» Work to complete
Which lines run from the one containing "Handgefertigt aus vegetabil" through the last line of the records? Copy them exactly, leaving pictures out.

» Items listed in a dataset

^^^^

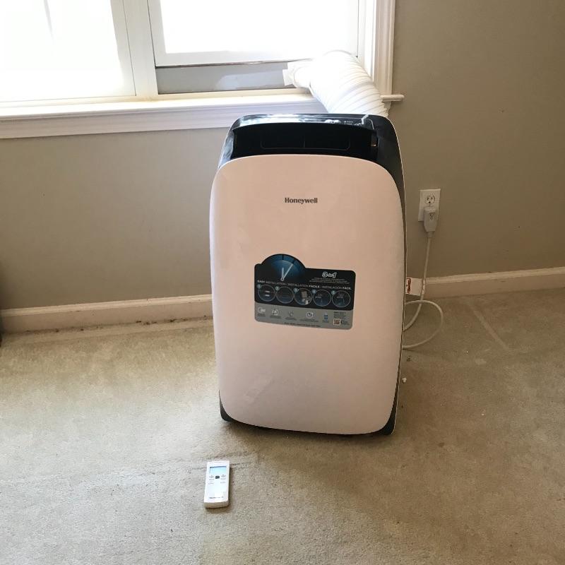 A/C may be low on your priority list right now, but that means it’s the best time to buy! Honeywell 3-in-1 portable air conditioner with dehumidifier and fan. This appliance is on wheels, it has a timer and automatically opens its sleek top when turned on. Appliance appears to work well. The remote was not tested and needs new AAA batteries. Piece has white duct tape in spots, we are unaware of the underlying issues. Come to the preview and see photos. Local pick up only.
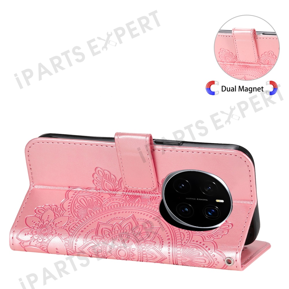 For Honor Magic7 Pro 5G Case Floral Pattern PU Leather Wallet Stand Phone Cover - Pink
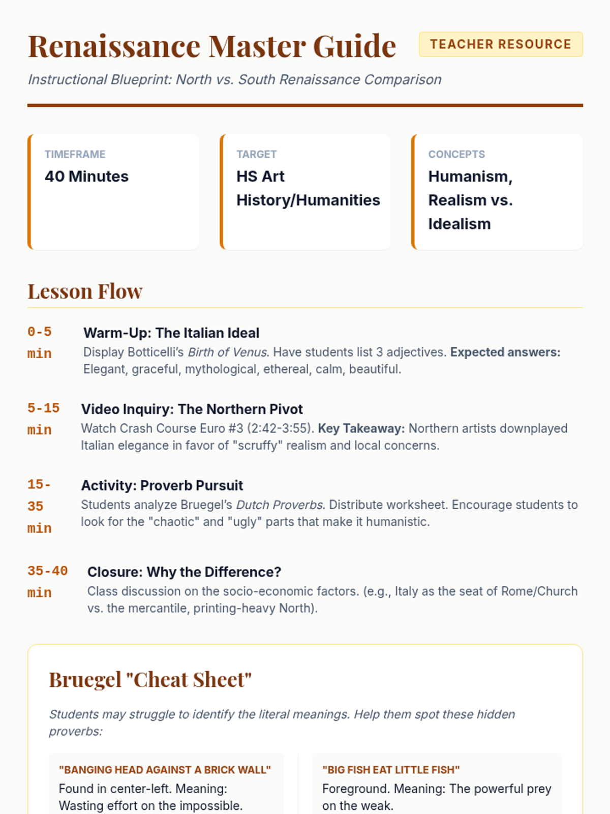 This lesson explores the differences between Italian and Northern Renaissance art through the lens of humanism, focusing on Botticelli's elegance versus Bruegel's gritty realism. Students will watch a video segment and perform a visual analysis of 'Dutch Proverbs' to understand how Northern artists democratized humanistic themes.
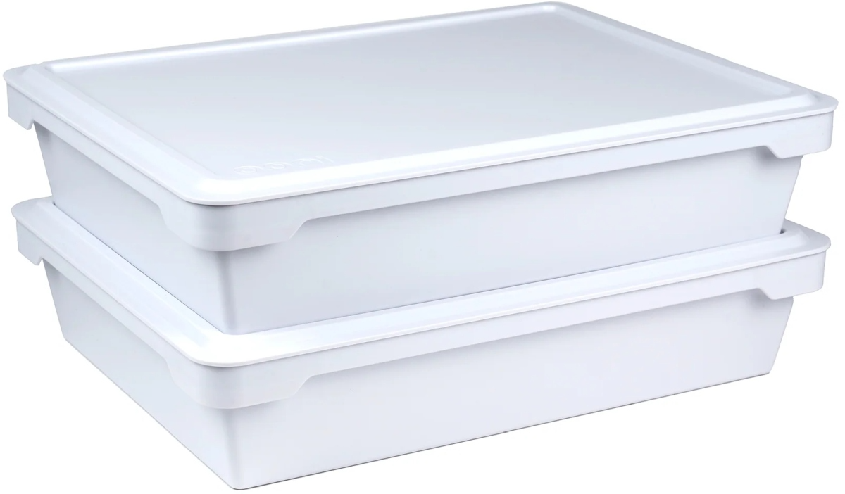 We designed every aspect of the Ooni Pizza Dough Boxes with pizza makers in mind. We made the boxes white to minimize heat absorption and avoid over-proofing your dough. We gave them smooth, tapered internal walls so your dough balls are easy to remove. We molded in easy-grip handles for transport. We used durable, food-grade plastic for easy cleaning. And for all of us with limited cabinet space, the dough boxes nest inside each other for storage.
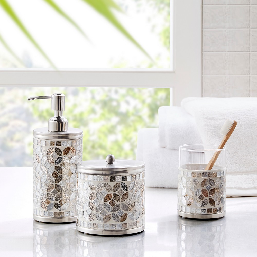 | Croscill One Size 1 Tumbler: 3"W x 3"D x 4.33"H glass mosaic and stainless steel 304 Glam/Luxury Style Includes 1 Piece(s) Wipe with a soft, damp cloth to remove excess moisture; avoid the use of harsh chemicals or abrasive cleaning materials This timeless mosaic collection showcases hand-crafteded mosaic accessories to elevate your bathroom. The combination of champagne gold and silver stained glass in a floral motif reflects light beautifully and can be a luxurious centerpiece for bathroom decor. |
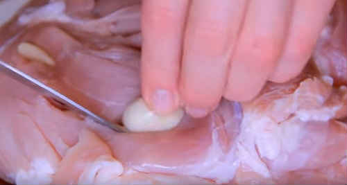 У шаховому порядку зробіть проколи по всьому шматку і нашпигуйте м’ясо часником. Часточки вкладайте глибше.
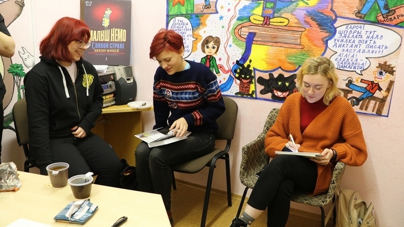 По ходу встречи гости задавали вопросы, связанные с творчеством художницы и объединения GАРАЖ, спрашивали, какие функции выполняет каждый участник, какие полезные и вредные привычки имеют, интересовались планами на будущее, связанными с изданием комиксов.
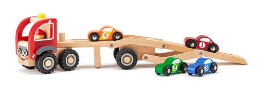 Praktický tahač s návěsem pro malé řidiče od značky Woody. Tahač, návěs i auta jsou vyrobeny z tvrdého masivního dřeva. Patrová plošina pro auta se dá sklopit tak, aby auta mohla najet a zase sjet z rampy. Tahač a návěs se dají odpojit.
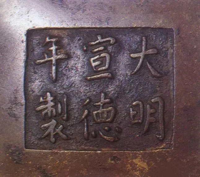 以四字和六字款最为常见,十字款为“工部尚书敕赐炉宣德制”,十二字款为“宣德三年五月敕赐勋名之鼎”。
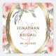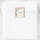 Floral aquarelle mariage autocollant carré dispose de belles fleurs roses douces avec verdure et un cadre élégant doré. Il indique la date et le nom de la mariée et du marié.
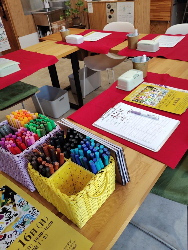 以前、中川公民館でも教えていただいたという、筆ペン絵文字〜凜〜の金子先生に、筆ペン絵文字を教えていただきました。たまたま、友人に誘われて参加したのですが、中川公民館でも数回教えていただいていたとのことで、不思議なご縁を感じています(*・ω・人・ω・*)可愛らしい字体で、先生はスラスラとお手本を書いてくださいますが……難しいっ!!力の加減が絶妙で、手首もうまく使えないし、まぁるい可愛らしい字になりませんっ(>_
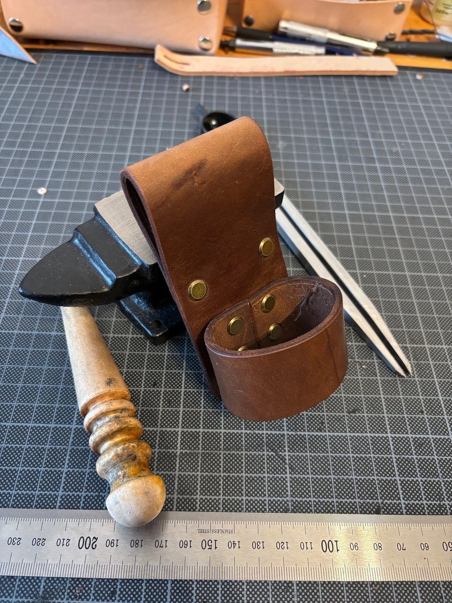Handgefertigt aus vegetabil gegerbtem Rinderleder. Lederstärke ca. 3,5 mm.
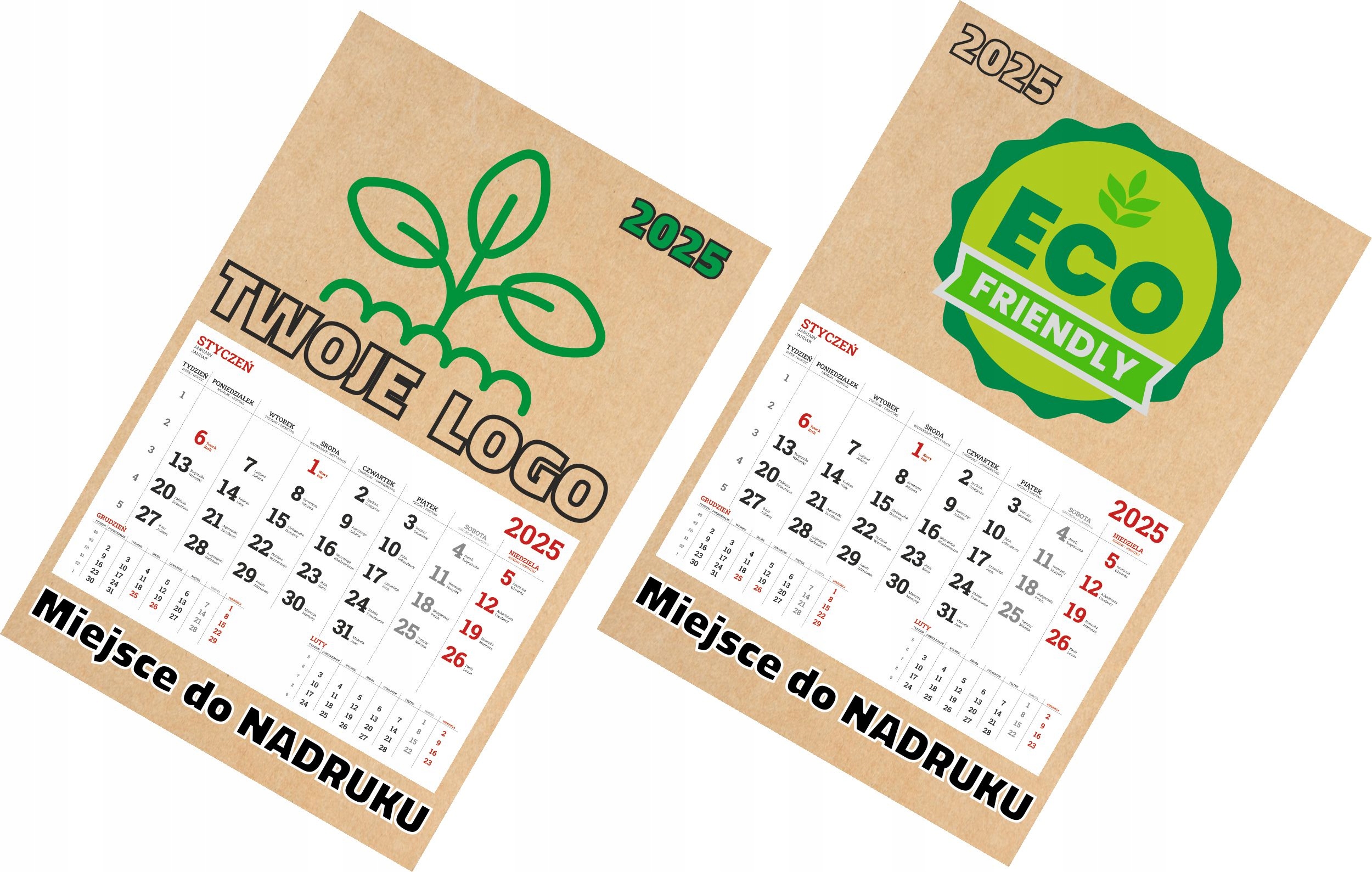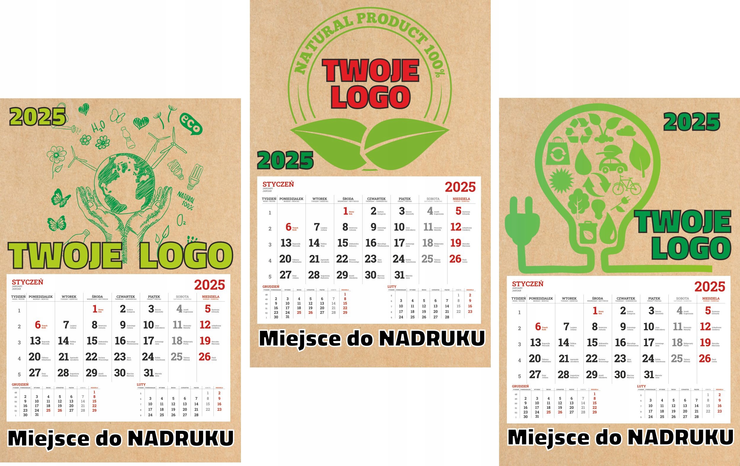 Дешеві календарі ЕКО ОДНОСТОРОННІ 2025 з ПРИНТОМ з вашим ЛОГОТИПОМ 100 шт.
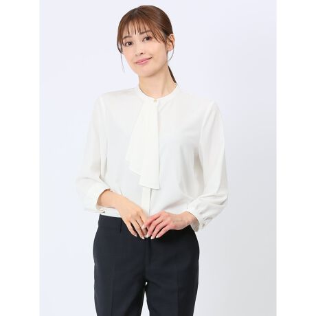 【ストレッチ ウォッシャブル イージーケア】m.f.エディトリアル ラッフル 長袖比翼ブラウス

^^^^

» Expected output
Handgefertigt aus vegetabil gegerbtem Rinderleder. Lederstärke ca. 3,5 mm.
 Дешеві календарі ЕКО ОДНОСТОРОННІ 2025 з ПРИНТОМ з вашим ЛОГОТИПОМ 100 шт.
 【ストレッチ ウォッシャブル イージーケア】m.f.エディトリアル ラッフル 長袖比翼ブラウス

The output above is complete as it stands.